# OpenMP and HIP Interoperability

In this notebook, we will see how we can write an application that makes use of both OpenMP pragmas and HIP kernels.
This type of strategic use of multiple acceleration paradigms can make our code flexible and performant in ways that would not be possible with just one.

Let's begin in the traditional way; by checking that we have an appropraite GPU on the system, loading into the relevant working directory and cleaning our environment.

In [None]:
rocm-smi
cd $HOME/DiRAC-AMD-GPU/notebooks/02-OpenMP/2i-OpenMP_HIP_interportability/C
make clean

## Why use HIP and OpenMP?

As we've learned throughout these notebooks, OpenMP is a flexible and portable pragma-based API for shared-memory parallelism.
It allows relatively straightforward parallelism to be implemented across different architectures, but lacks the level of direct control that other paradigms offer.

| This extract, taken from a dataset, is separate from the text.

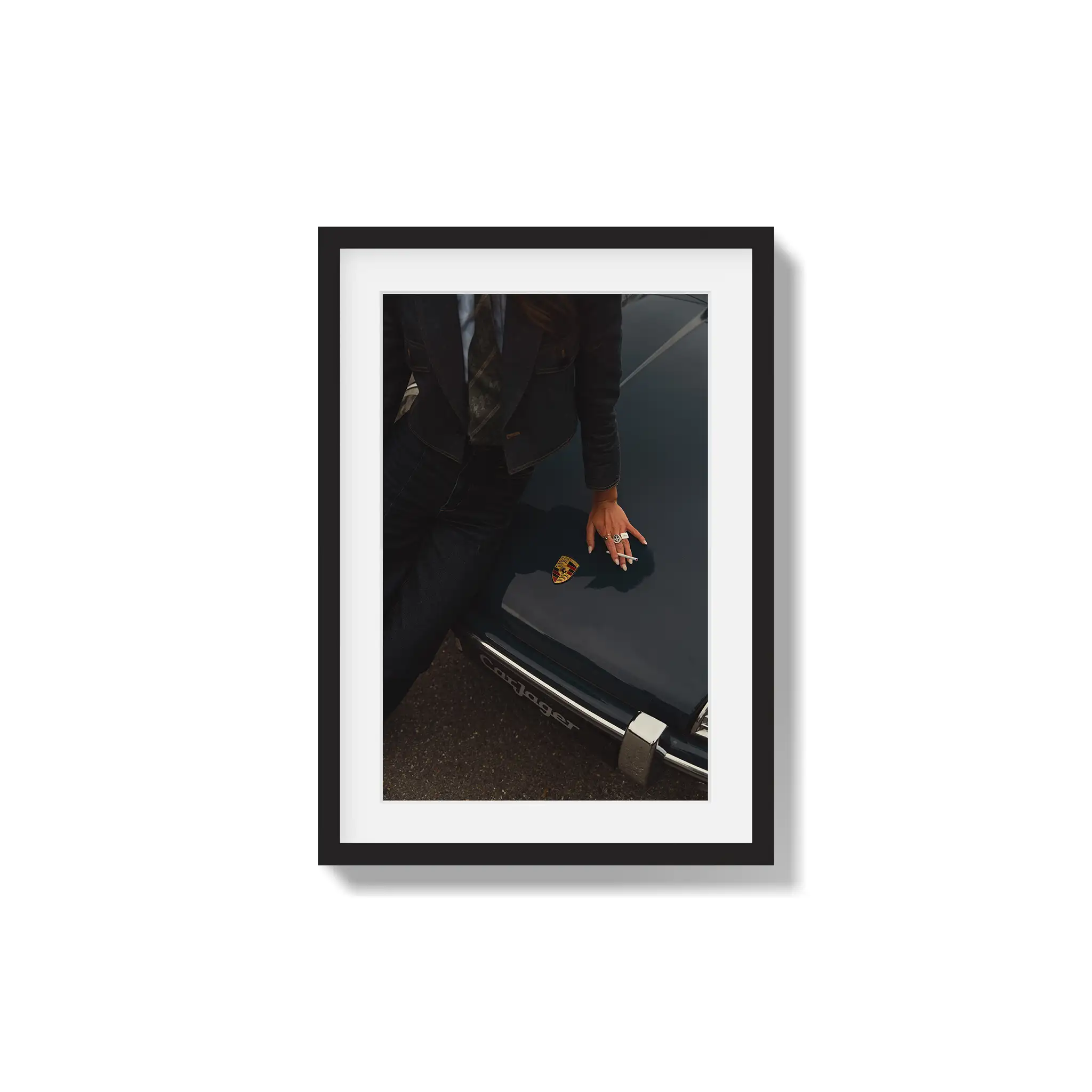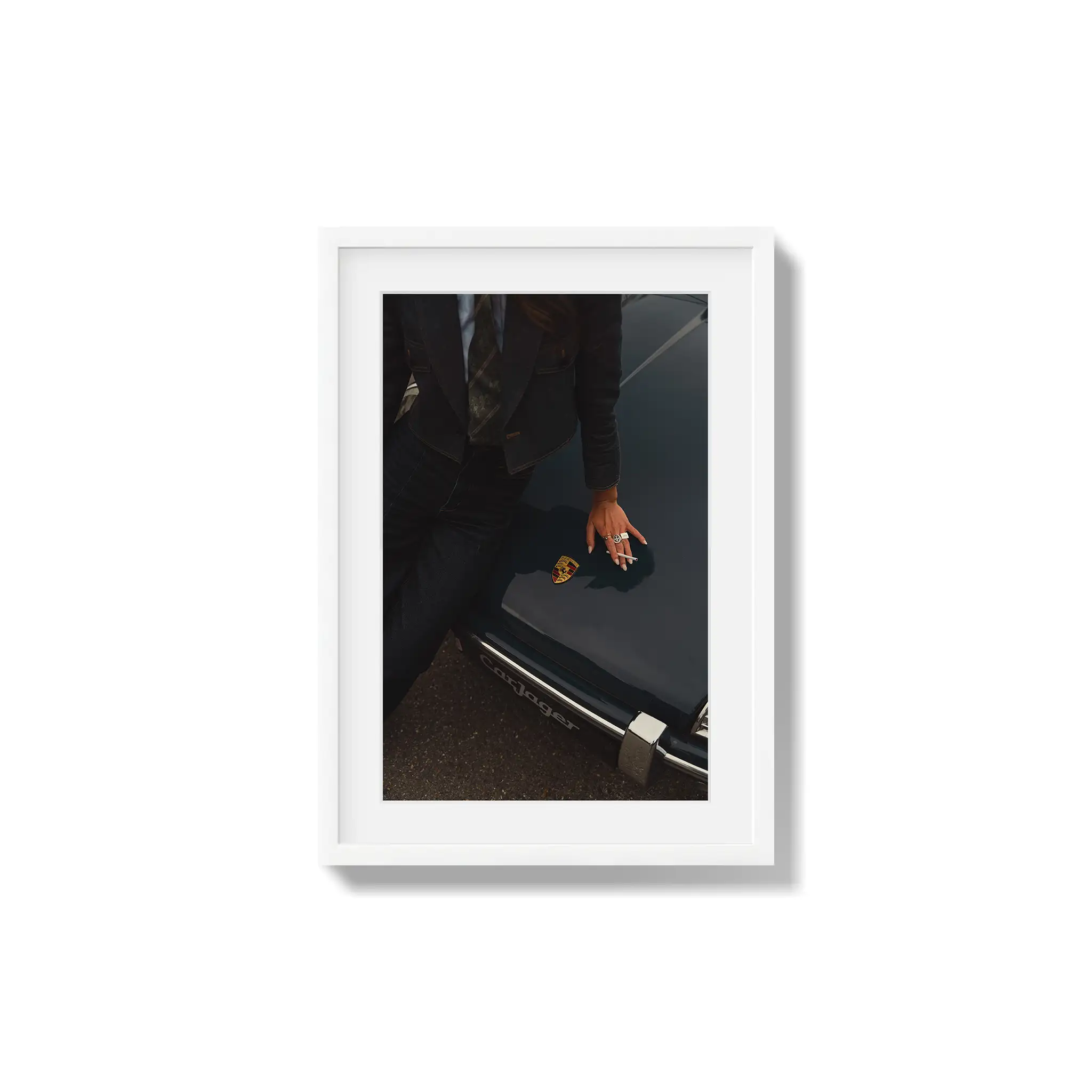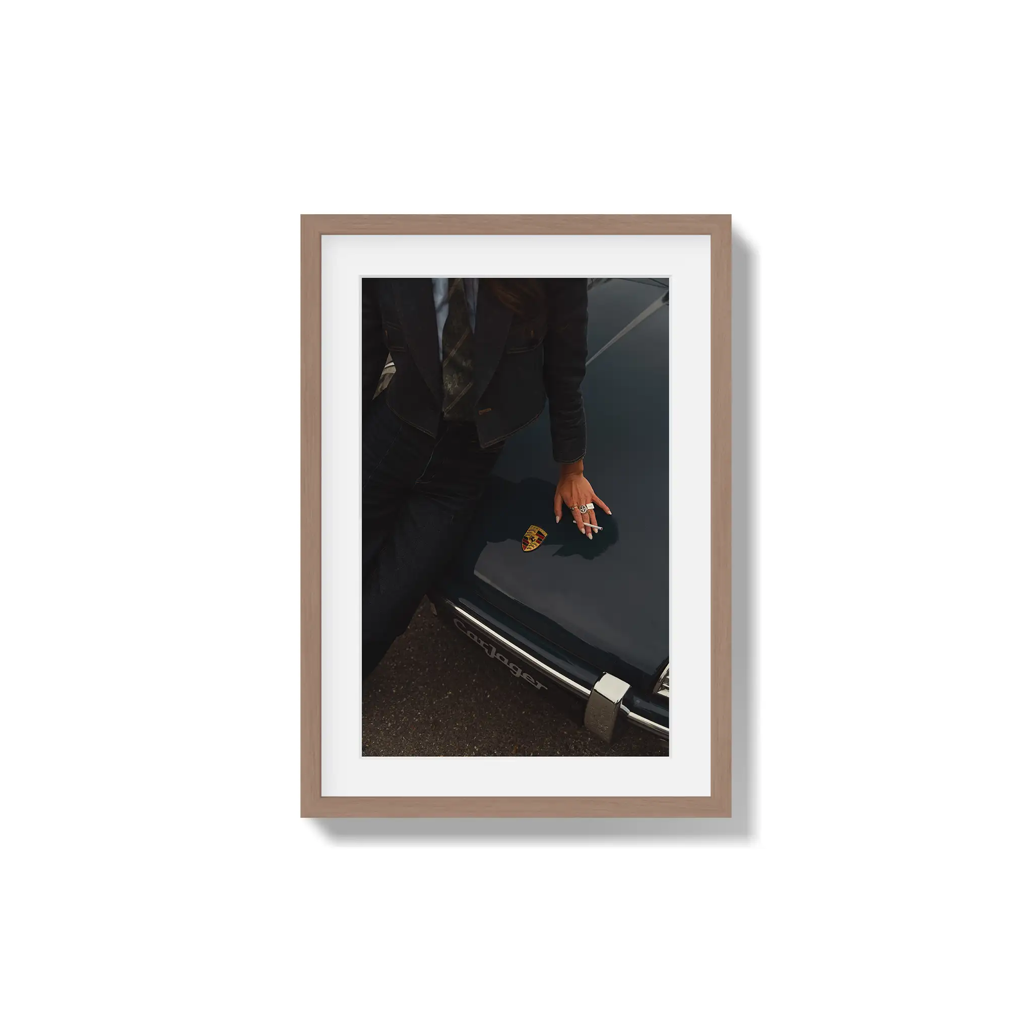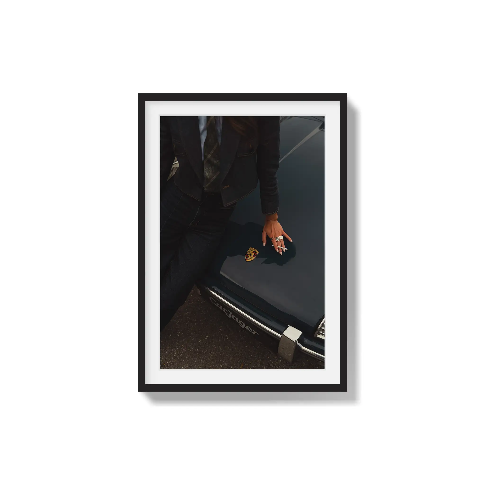 Still, nichts lautes. Der Motor läuft. Die Art von Eleganz, die man nicht anzieht, sondern besitzt. - "French Breakfast" Automobil Kunstdruck des klassischen 911ers von Armand Maertens, gedruckt auf Premium-Papier, ready-to-hang.

HIP, on the other hand, offers a tighter control at the cost of OpenMP's ease and flexibility.
The details of HIP implementation will not be discussed in this notebook - rather, that will be saved for the next section of this course.
For now, it is enough to know that it is a low-level language that makes use of kernels to offer a more direct control of the offloaded compute.

Both of these approaches have their upsides and their drawbacks, so you might wonder if there was a way to incorporate both into code, to draw on their relative strengths.
And you would indeed be correct - there is!
Code making use of OpenMP pragmas can call HIP kernels, and HIP applications can call OpenMP kernels.

Using this knowledge we can, for example, write our simple loops using OpenMP pragmas, but write our complicated offloaded routines where we require fine-grained control to optimise their performance as HIP kernels.
By using both in the same application, we really can have the best of both worlds.

### The example code

An example of this can be seen in the [`daxpy.cc`](./C/daxpy.cc) example.
In this code, we define two arrays `x` and `y` and move them to the device in a structured data region.
Several operations are carried out on the host, and the copies of `x` and `y` are necessarily updated on the device.
Note that with the use of an APU, these memory pragmas would be unnecessary.

We then carry out a daxpy loop using these two arrays, but this time in a HIP kernel.
The HIP kernel itself is defined within the `daxpy_hip` function.
This code seems relatively straighforward, so let's take a look at how we should go about compiling it.

## Compiling code with HIP and OpenMP

Unfortunately, whilst OpenMP applications can call HIP kernels, and vice versa, there is currently no support for compiling HIP and OpenMP at the same time.
The HIP compiler `hipcc` cannot offload OpenMP GPU kernels, and the AMD compilers that support OpenMP pragmas cannot compile HIP kernels.
In order to use both, we will need to compiler the HIP kernels using `hipcc`, and the OpenMP code with a suitable C++ compiler, such as `amdclang`.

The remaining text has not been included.